**Problem requirements**
Through the line with "カットしたプールスティックに" and starting from the first line, return the records below word for word, with pictures left out.

┌──

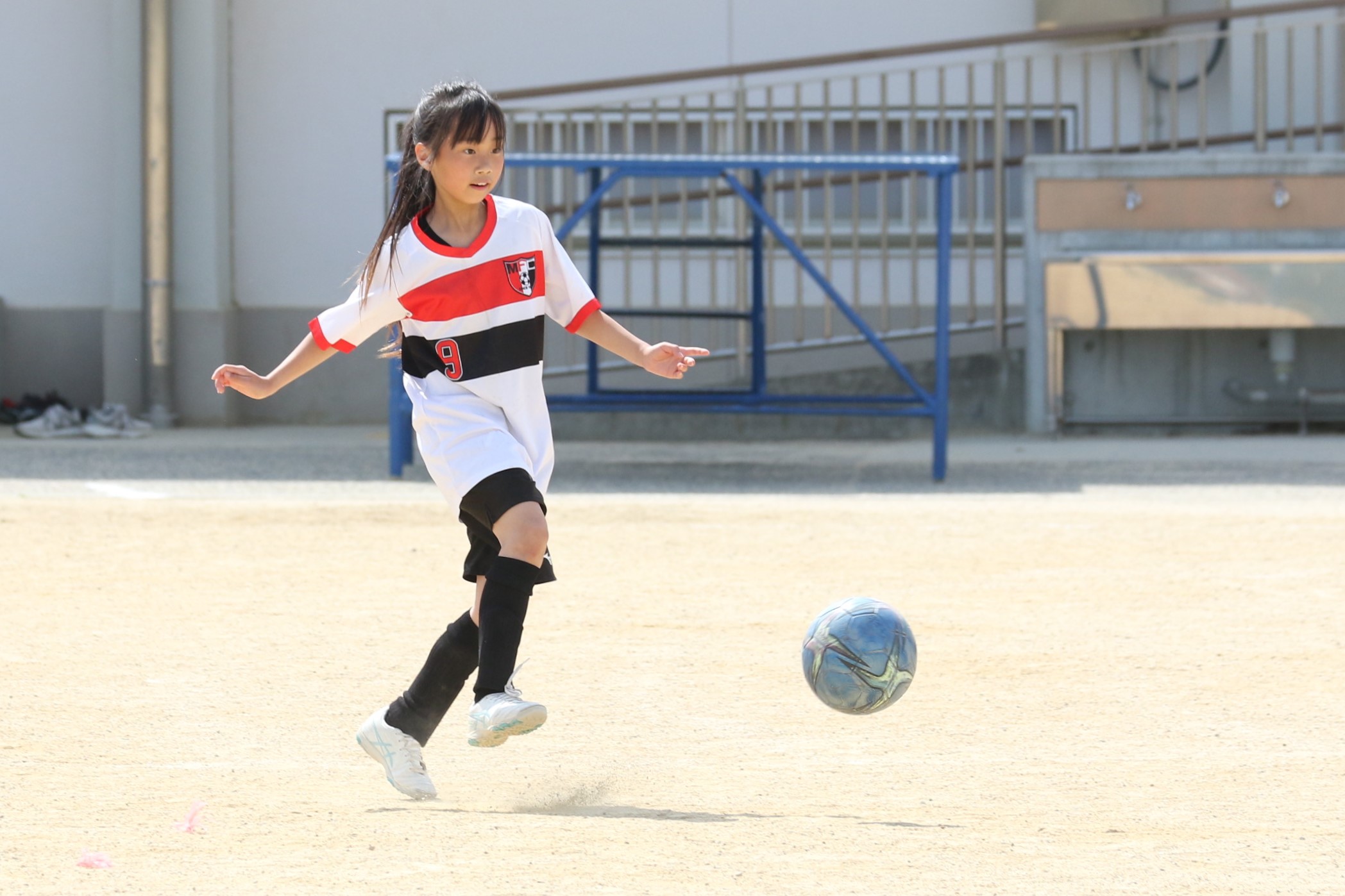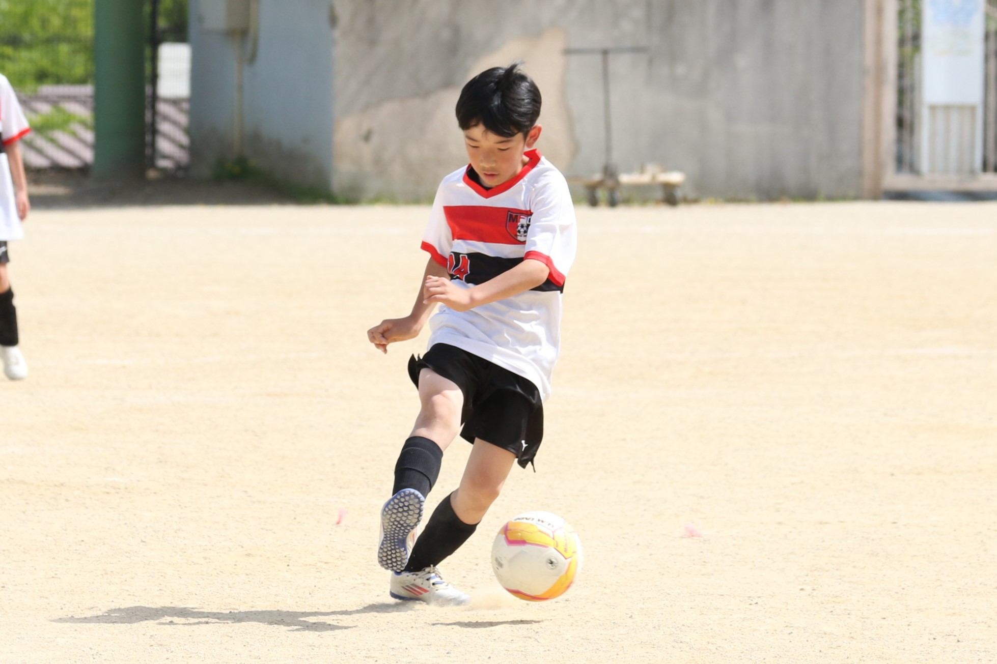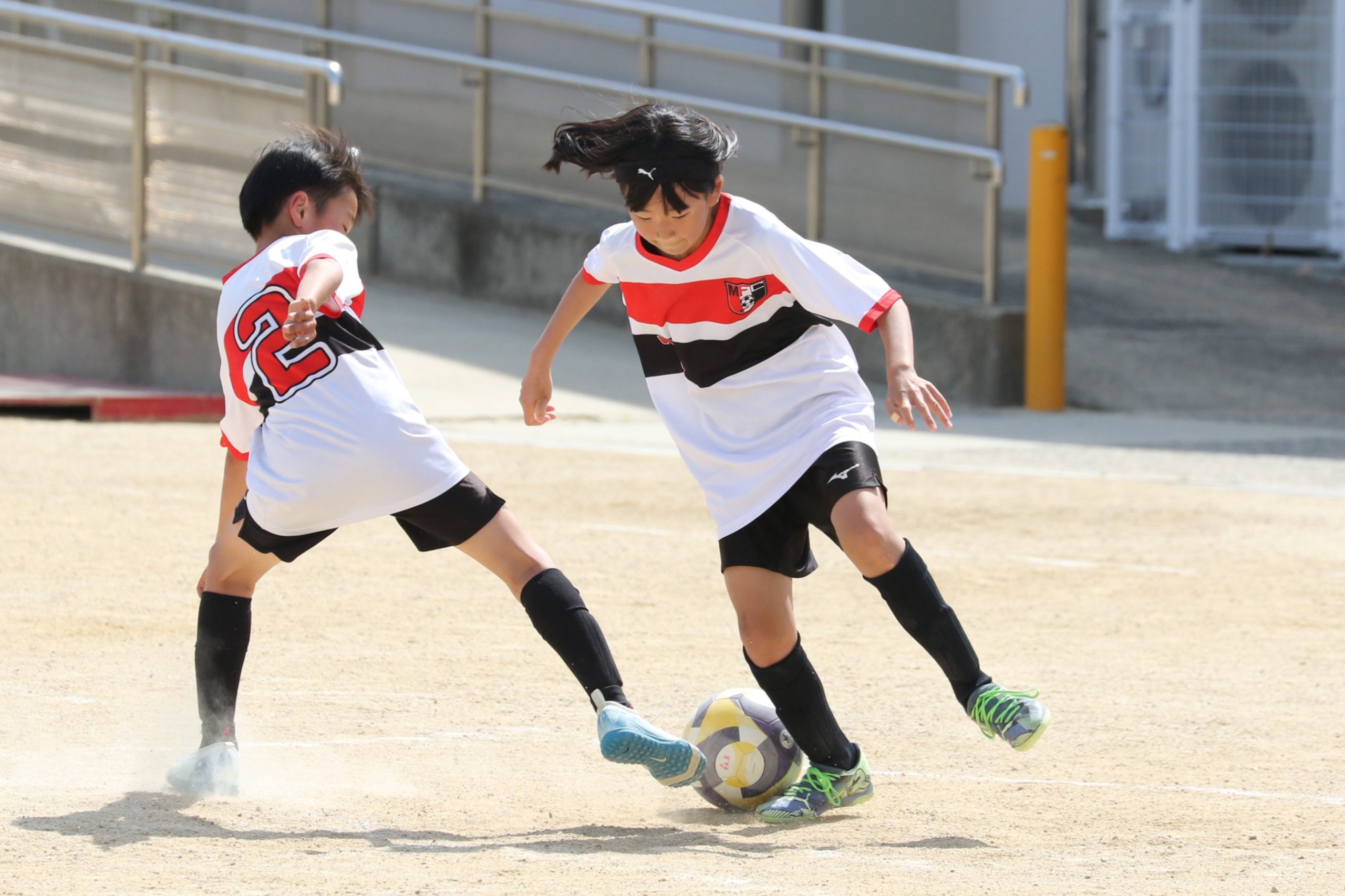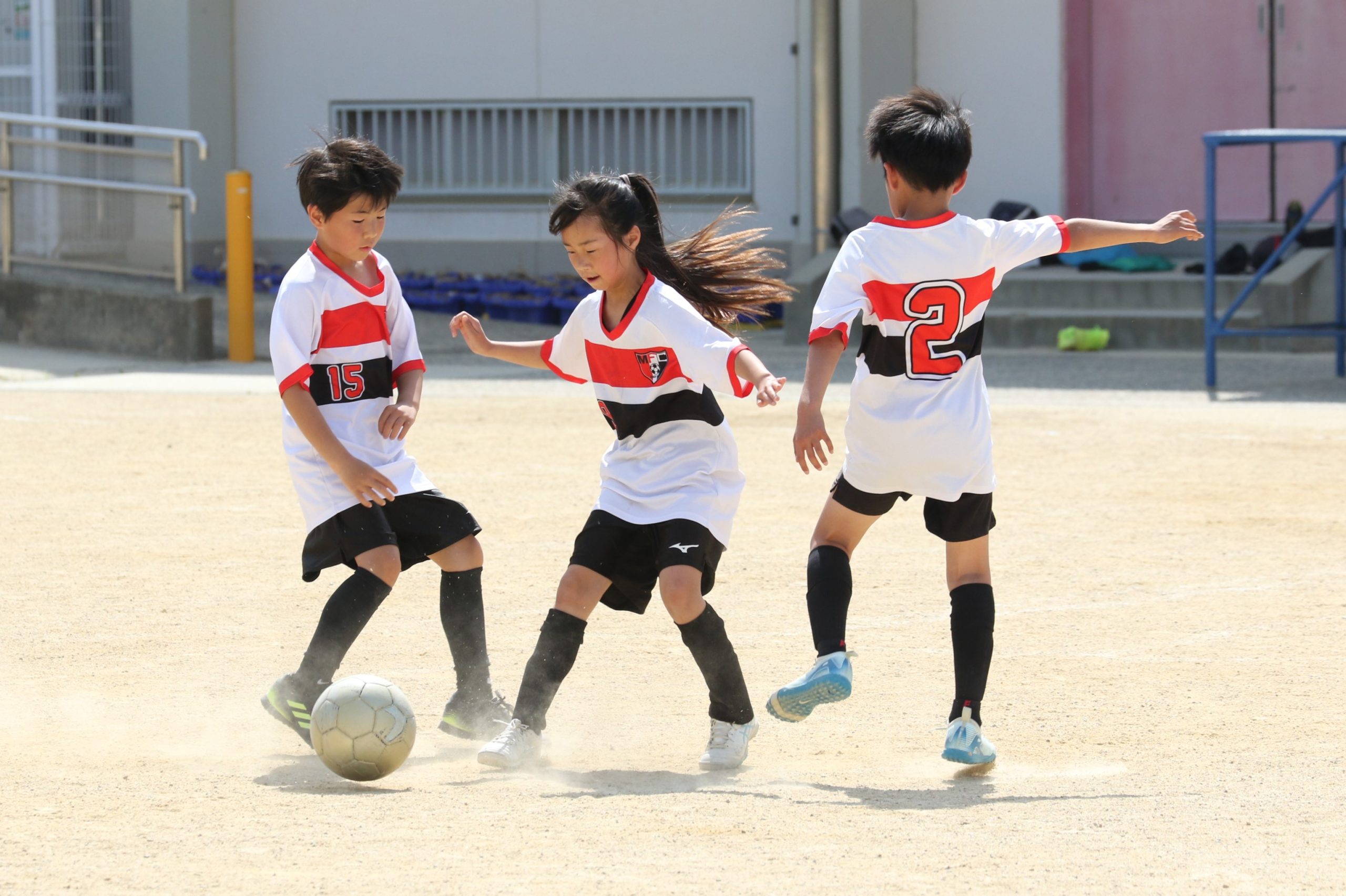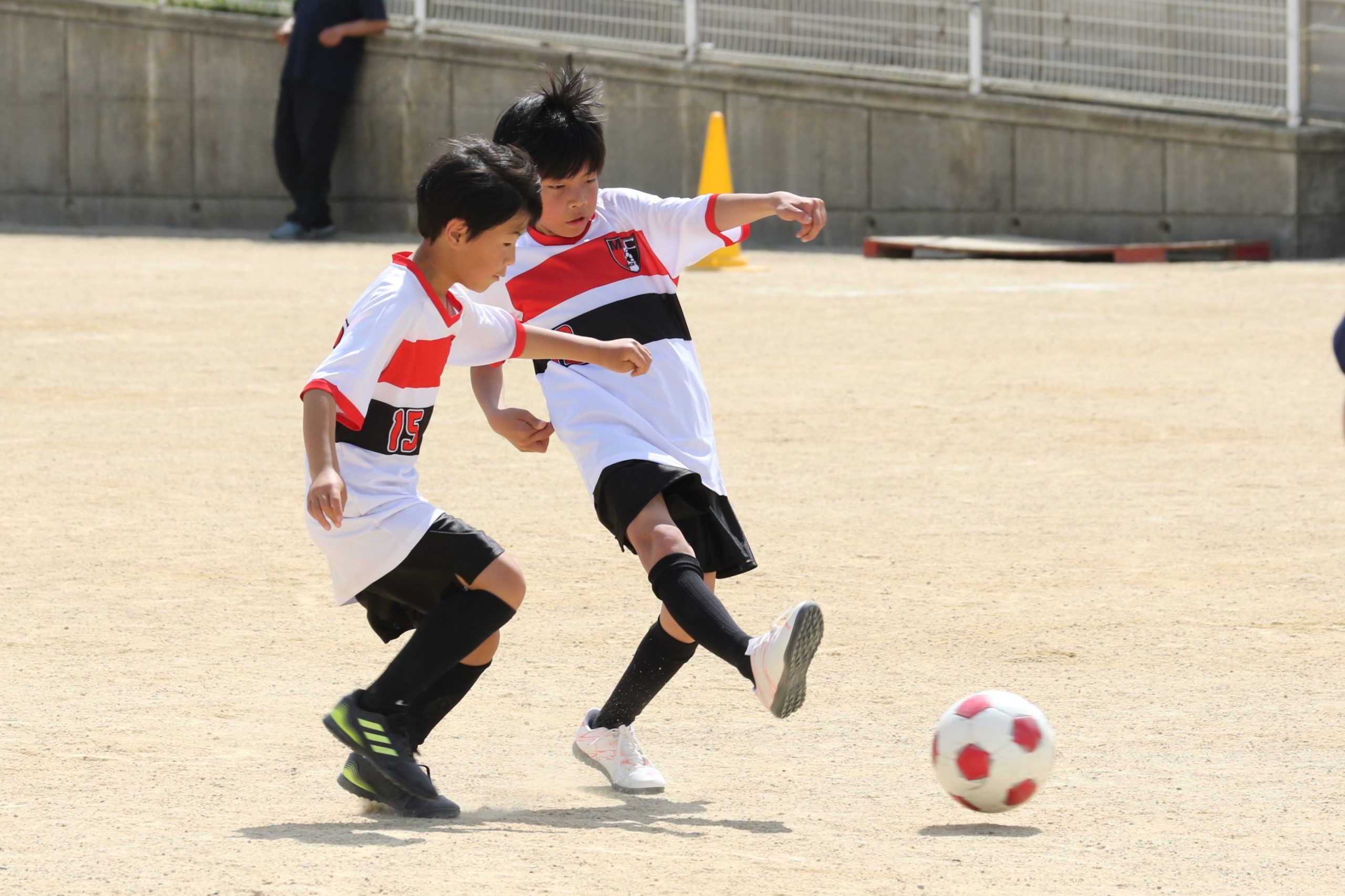 6年生を指揮するのは、奥江修司コーチで、20年以上チームに関わり指導している。「子供達一人一人がスキルアップでき、楽しく勝てるサッカーを目指して指導している。」と話す。練習はリフティングに始まり、浮き球のトラップ、ドリブル、対人練習と、基本的なメニューが多く、ミニゲームでは笑顔でボールを奪い合う中にも、時折激しさもあり、選手ひとりひとりが、楽しくまた真剣に取り組んでいる。
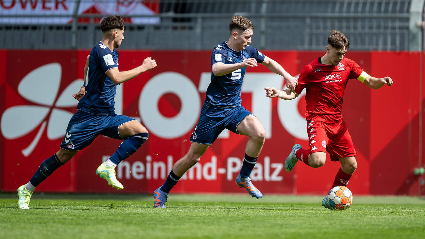 Keine 24 Stunden nach seinem Tor als "Joker" für die Mainzer Profis im Spiel gegen den SV Werder Bremen (2:2) sorgte U 18-Nationalspieler Nelson Weiper (13.) für den einzigen Treffer der Begegnung. Das Rückspiel findet am kommenden Freitag, 14. April (ab 16 Uhr, live bei Sky) im Kölner Franz-Kremer-Stadion am Geißbockheim statt.
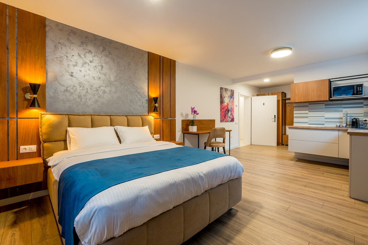 The Brown Studio is a newly redesigned apartment right in the heart of Cluj-Napoca, with one room with a kingsized bed, a independent kitchen and bathroom. Amenities - Kitchen is fully equipped - LCD TV ,WIFI -The room has a big comfortable bed (160x200 cm) and a 80 cm flatscreen TV and a wardrobe. The kitchen has a space area designed for workspace/dining and 2 chairs.
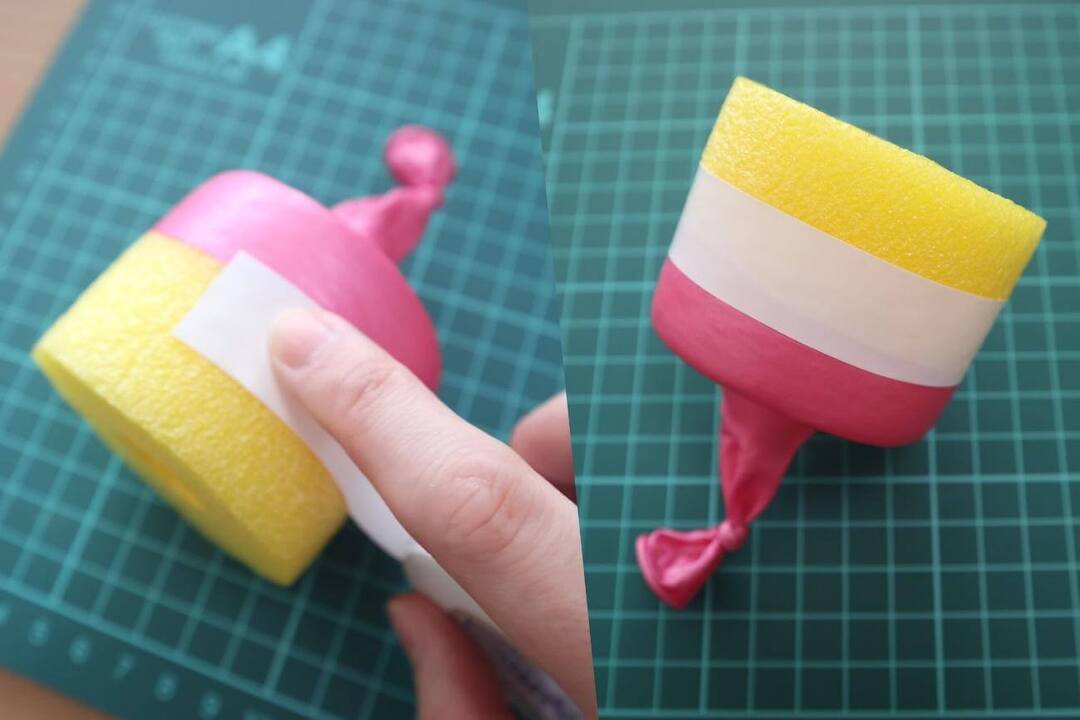 カットしたプールスティックに先ほどの風船をかぶせて、ビニールテープで固定します。これで完成です☆
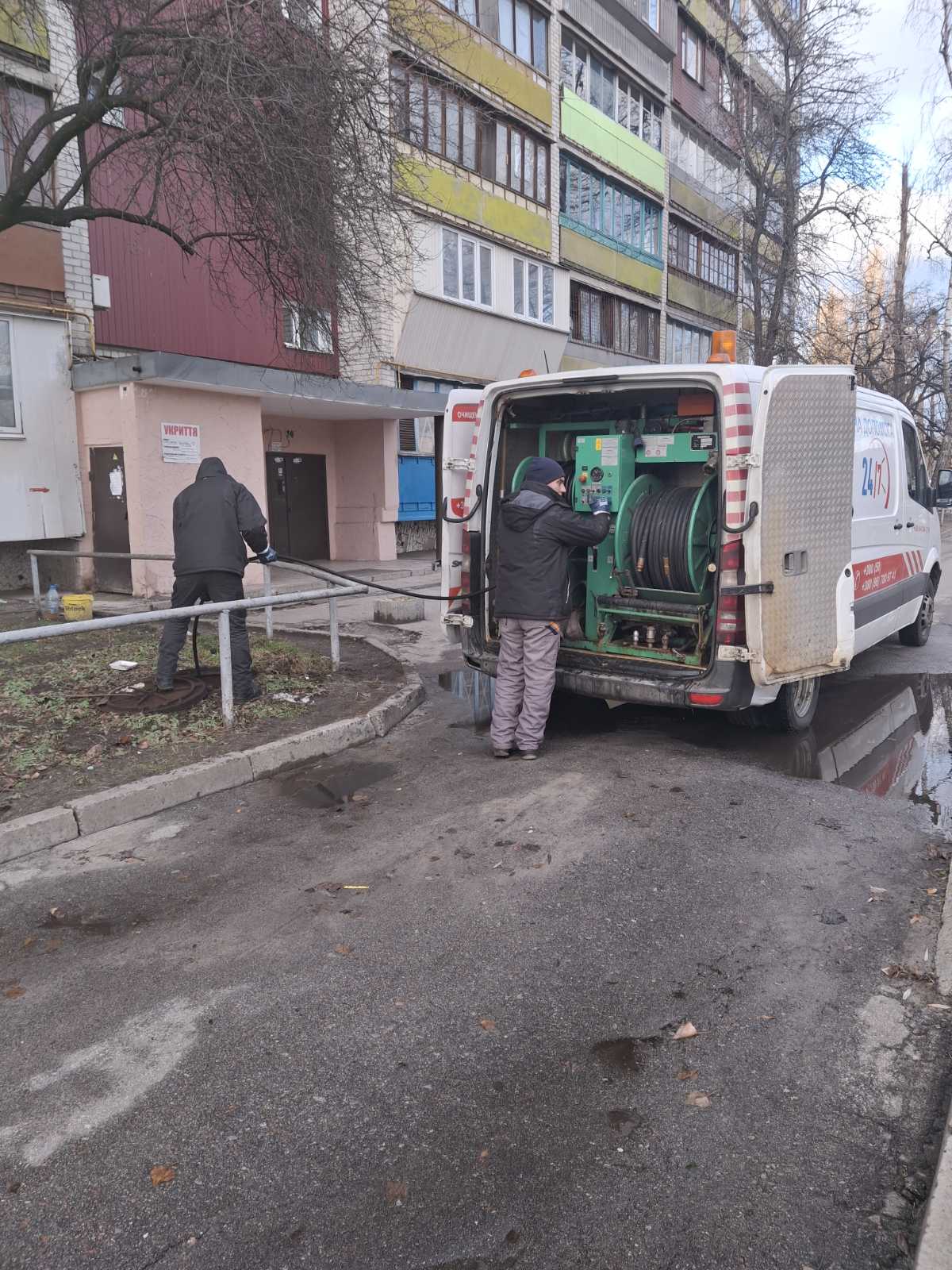з прочищення мережі водовідведення за адресами: вул. Симиренка, 2/19 (під. №3, 4);34 (під. №6); 14-А; 26; 5 (під. №10); вул. О. Махова, 6-В (під. №5); просп. Ак. Корольова, 12-Ж; 12-А (під. №6); вул. Г-Барського, 7 (під. №1); вул. Вахтанга Кікабідзе, 9; 4; 6-А; вул. Святошинська, 6 (під. №1); вул. Депутатська, 6 (під. №2); вул. Верховинна, 18 (під. №1); вул. В. Кучера, 2-А (під. №1); вул. В. Доманицького, 4 (під. №5); просп. Ак. Палладіна, 24 (під. №5); вул. Біличанська, 1;вул. О. Васкула, 8; вул. Мих. Котельникова, 87 (під. №2); вул. Ак. Доброхотова, 11 (під. №2); вул. Чорнобильська, 24/26; вул. Ак. Булаховського, 28; вул. Ірпінська, 70; вул. Клавдіївська, 34; вул. О. Мудрака, 23-А; вул. В. Верховинця, 10 (під. №3);вул. Г. Юри, 7-В; вул. Ак. Кіпріанова, 4 (під. №1); вул. Д. Чижевського, 3 (під. №3).

└──

**Task answer**
 6年生を指揮するのは、奥江修司コーチで、20年以上チームに関わり指導している。「子供達一人一人がスキルアップでき、楽しく勝てるサッカーを目指して指導している。」と話す。練習はリフティングに始まり、浮き球のトラップ、ドリブル、対人練習と、基本的なメニューが多く、ミニゲームでは笑顔でボールを奪い合う中にも、時折激しさもあり、選手ひとりひとりが、楽しくまた真剣に取り組んでいる。
 Keine 24 Stunden nach seinem Tor als "Joker" für die Mainzer Profis im Spiel gegen den SV Werder Bremen (2:2) sorgte U 18-Nationalspieler Nelson Weiper (13.) für den einzigen Treffer der Begegnung. Das Rückspiel findet am kommenden Freitag, 14. April (ab 16 Uhr, live bei Sky) im Kölner Franz-Kremer-Stadion am Geißbockheim statt.
 The Brown Studio is a newly redesigned apartment right in the heart of Cluj-Napoca, with one room with a kingsized bed, a independent kitchen and bathroom. Amenities - Kitchen is fully equipped - LCD TV ,WIFI -The room has a big comfortable bed (160x200 cm) and a 80 cm flatscreen TV and a wardrobe. The kitchen has a space area designed for workspace/dining and 2 chairs.
 カットしたプールスティックに先ほどの風船をかぶせて、ビニールテープで固定します。これで完成です☆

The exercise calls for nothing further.